David Lazarus, consumer affairs reporter for The Los Angeles Times, spoke with Goodlatte (something relatively few of the congressman’s Sixth District constituents have been able to do):
“Frivolous lawsuits have no place in our legal system, and the true victims of frivolous lawsuits are often small businesses and individuals who cannot afford to fight these claims,” he said.
Apparently this is an extremely urgent issue because Goodlatte introduced his bill only a month ago. It was approved by his committee’s Republican majority less than a week later without any public hearings or debate.

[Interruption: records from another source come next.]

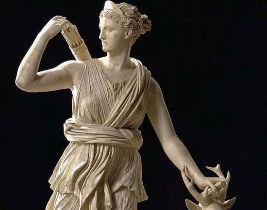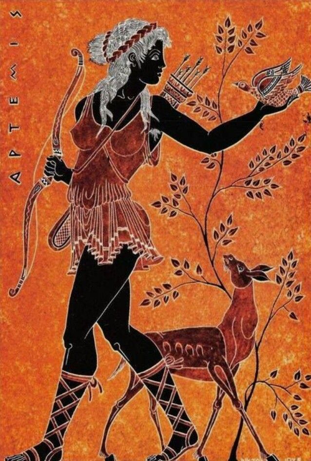 Artemis was één van de Olympische goden, dochter van Zeus: koning van de goden. Zij was de godin van de jacht en de wildernis, en werd vaak afgebeeld met pijl en boog. Maar ook alles rondom geboorte viel onder haar heerschappij. In sommige mythen over haar eigen geboorte wordt verteld dat Artemis haar moeder hielp bij de bevalling van haar tweelingbroer Apollo.
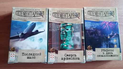 Все коробочки этой серии. Элементарно №1: "Убийство в День Независимости", "Последний шанс" и "Смерть археолога". Элементарно №2: "13 заложников", "Пропавший без вести" и "Пожар в лаборатории". Элементарно №3: "Смерть дворецкого", "Секреты миллионера" и "Гробовое молчание". Элементарно №4 "Дикий запад": "Выстрелы на рассвете", "Проклятая шахта" и "Гробовое молчание"...
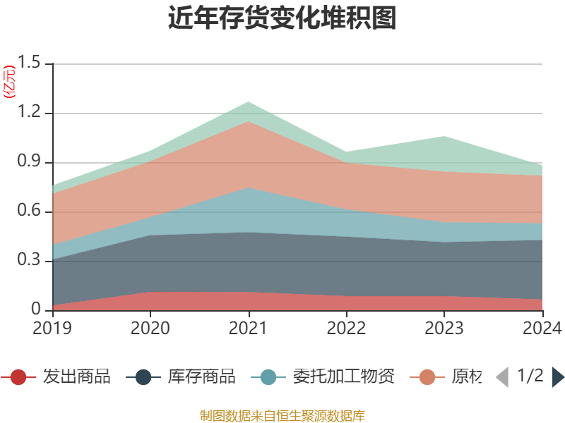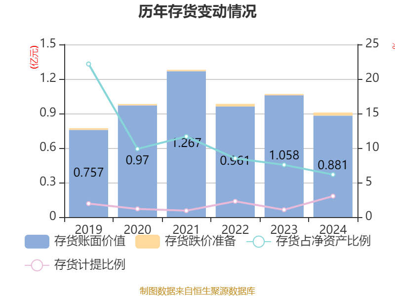 从存货变动来看,截至2024年末,公司存货账面价值为8811.88万元,占净资产的6.15%,较上年末减少1768.23万元。其中,存货跌价准备为274.91万元,计提比例为3.03%。
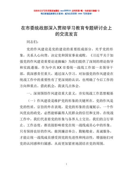 / 在市委统战部深入贯彻学习教育专题研讨会上的交流发言
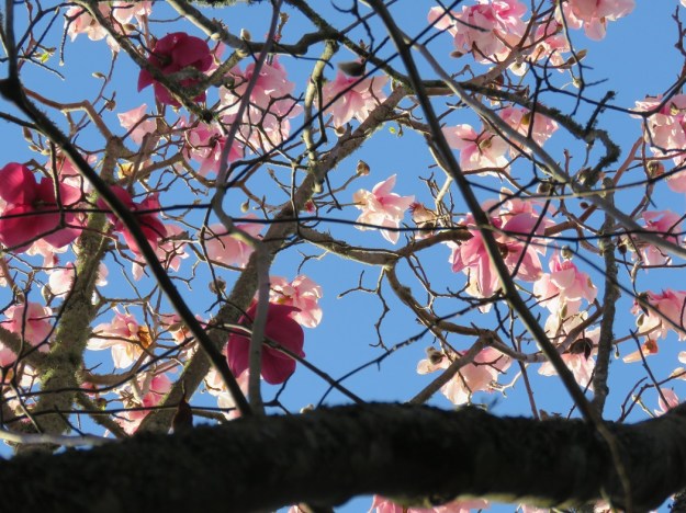 Or the promise of flowers. The morning sun is shining on magnolia buds (or sleeping bags for mice, as our children used to call the bud casings)
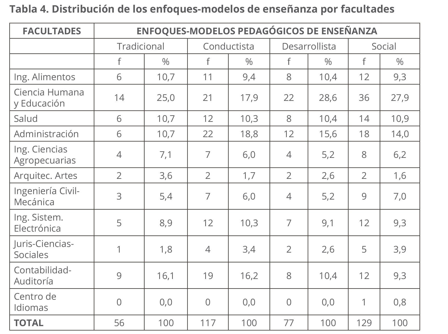 Con un análisis más detallado y profundo la Facultad de Ciencias Humanas y de la Educación lidera con la presencia de los 4 enfoques-modelos de enseñanza. El más evidente es el social con el 9,5%, seguido del desarrollista con el 5,8%, el conductista con el 5,5% y finalmente el tradicionalista con el 3,7%. Significa entonces que hay clara presencia de los cuatro estilos de enseñanza arraigados en los docentes con los que se forma y que se transmite a los dicentes o futuros maestros y formadores de generaciones venideras. Esta gama de prácticas pedagógicas es lo que se denomina hibridación pedagógica docente, donde se entrecruzan y amalgaman los diferentes estilos de enseñanza que le dan más riqueza y potencialidad al hecho educativo universitario.
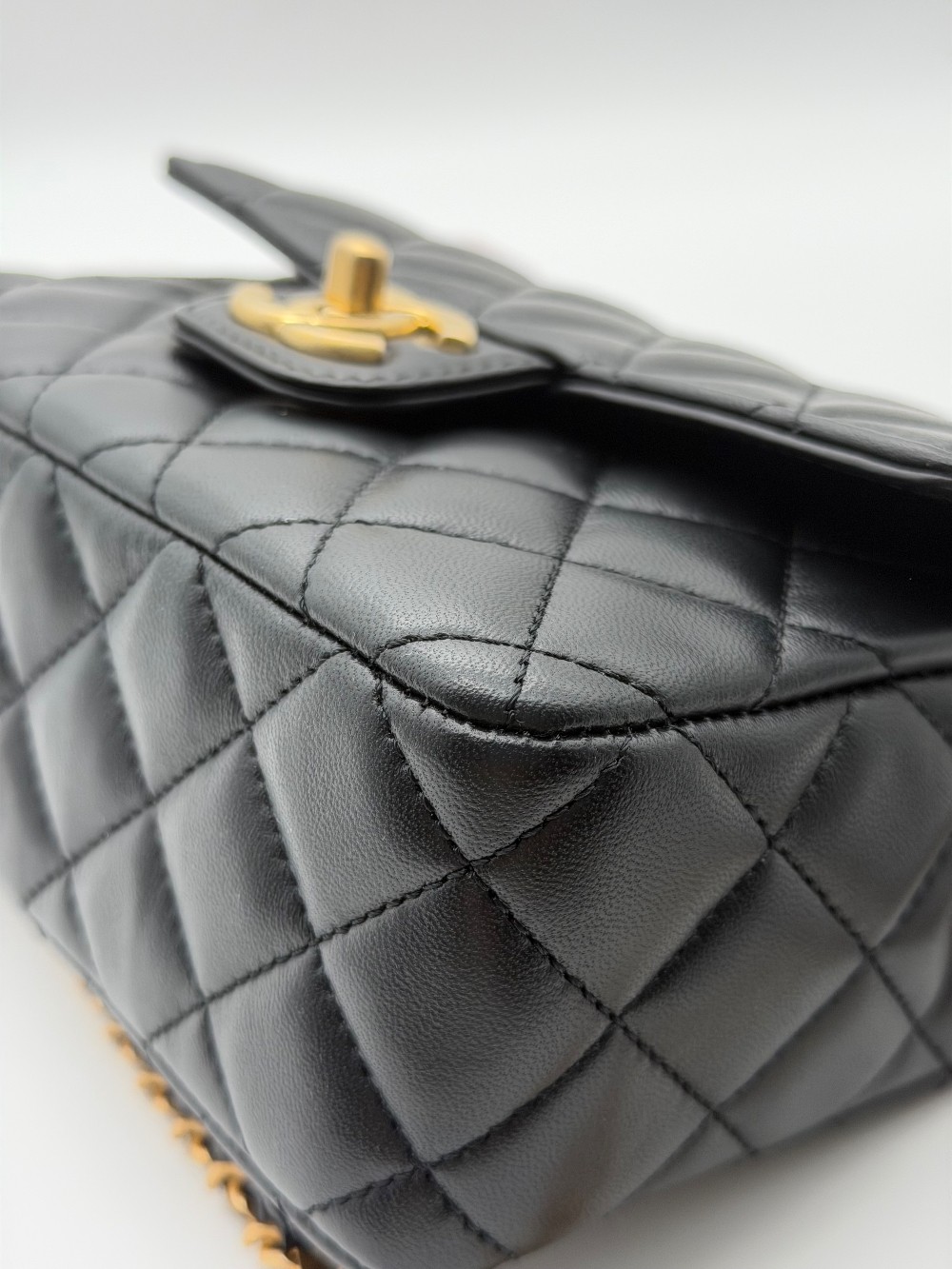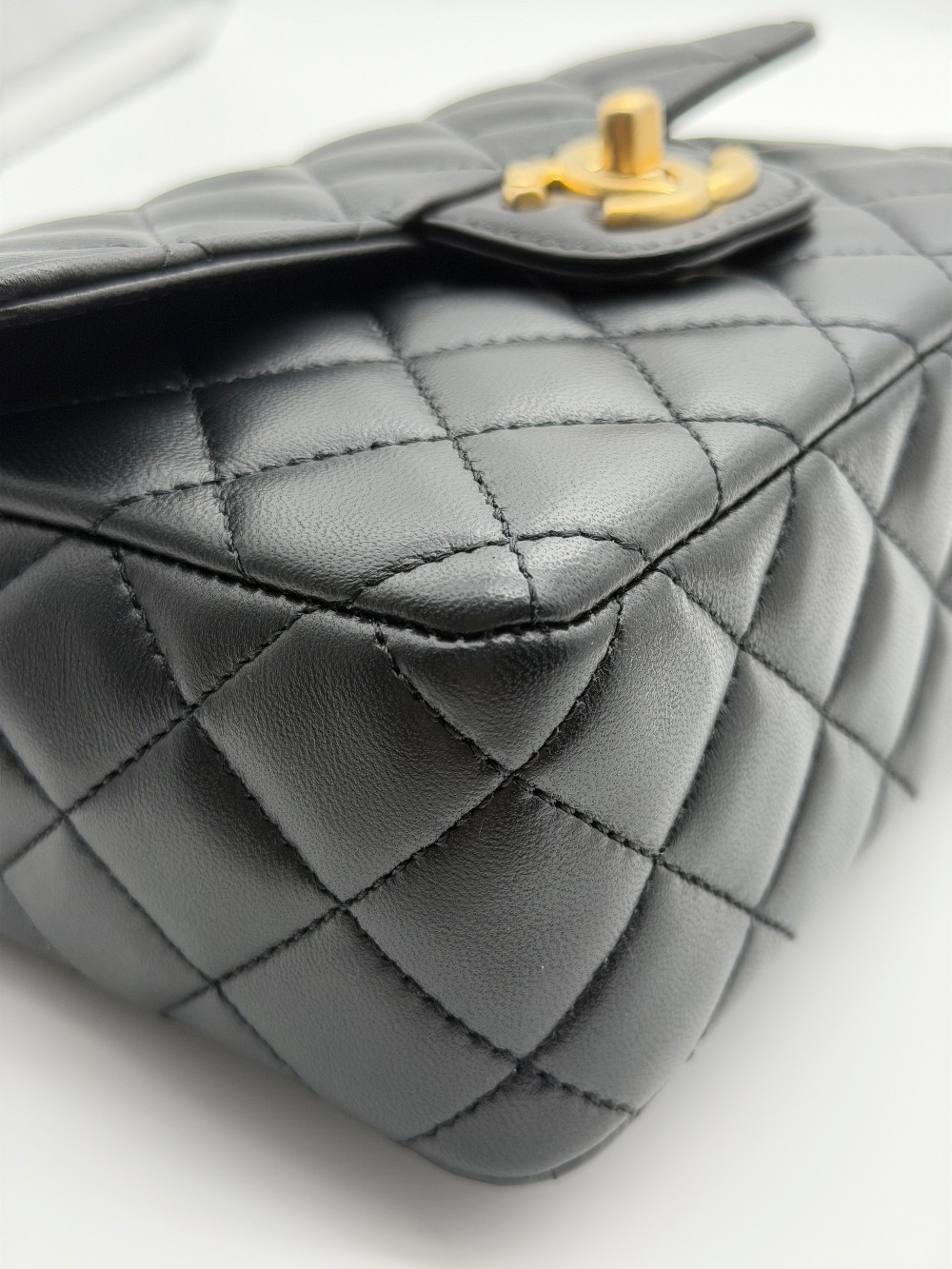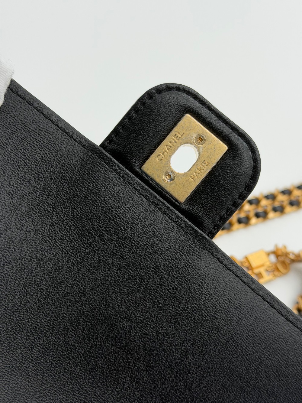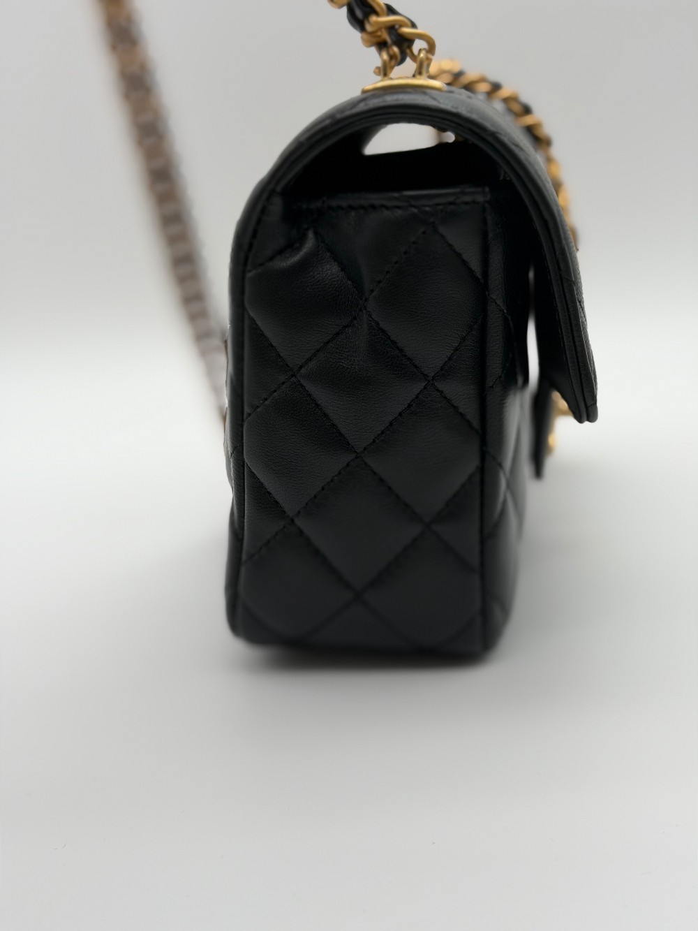 This particular model features a single flapwith the iconic interlocking CC turn-lock closure in gold-tone metal.

“The legislation … addresses the abuses within our civil justice system, helps ensure that baseless lawsuits are quickly dispensed with and improves protections for deserving victims so the doors to justice remain open for parties with legitimate claims,” Goodlatte said.
What it really does is impose strict new rules on class actions that make them a lot harder to get off the ground. Not surprisingly, the bill is strongly supported by the business-boosting U.S. Chamber of Commerce, which has spent millions lobbying on its behalf.
The legislation’s key provision would allow a class to be certified — that is, to receive court approval for plaintiffs to band together — only if all members “suffered the same type and scope of injury as the named class representative.”
That’s a spectacularly unfair stipulation for a bill claiming to be all about fairness.
Take air bags. Let’s say the originator of a class-action lawsuit was severely injured by an exploding air bag. If Goodlatte’s bill were law, the only people who could join the suit would be people who received similarly extensive harm.
Someone who sustained lesser or different injuries probably wouldn’t qualify for the case.
The shame of it is that Goodlatte’s bill also contains some thoughtful provisions, such as limiting lawyers’ payouts to “a reasonable percentage” of whatever plaintiffs are awarded. Often, attorneys walk off with a big chunk of the cash and leave individual class members with relatively little.
But these worthwhile ideas are far outweighed by the ridiculous “same scope of injury” provision.
Our legal system is far from perfect and, yes, there are abuses of class actions and damages claims. But significantly tilting the playing field in favor of businesses doesn’t improve things.
Consider recent fraud and defective-product scandals involving Wells Fargo, Volkswagen and air bag maker Takata. Consumers and employees responded with class-action lawsuits.
Anyone think those cases are frivolous?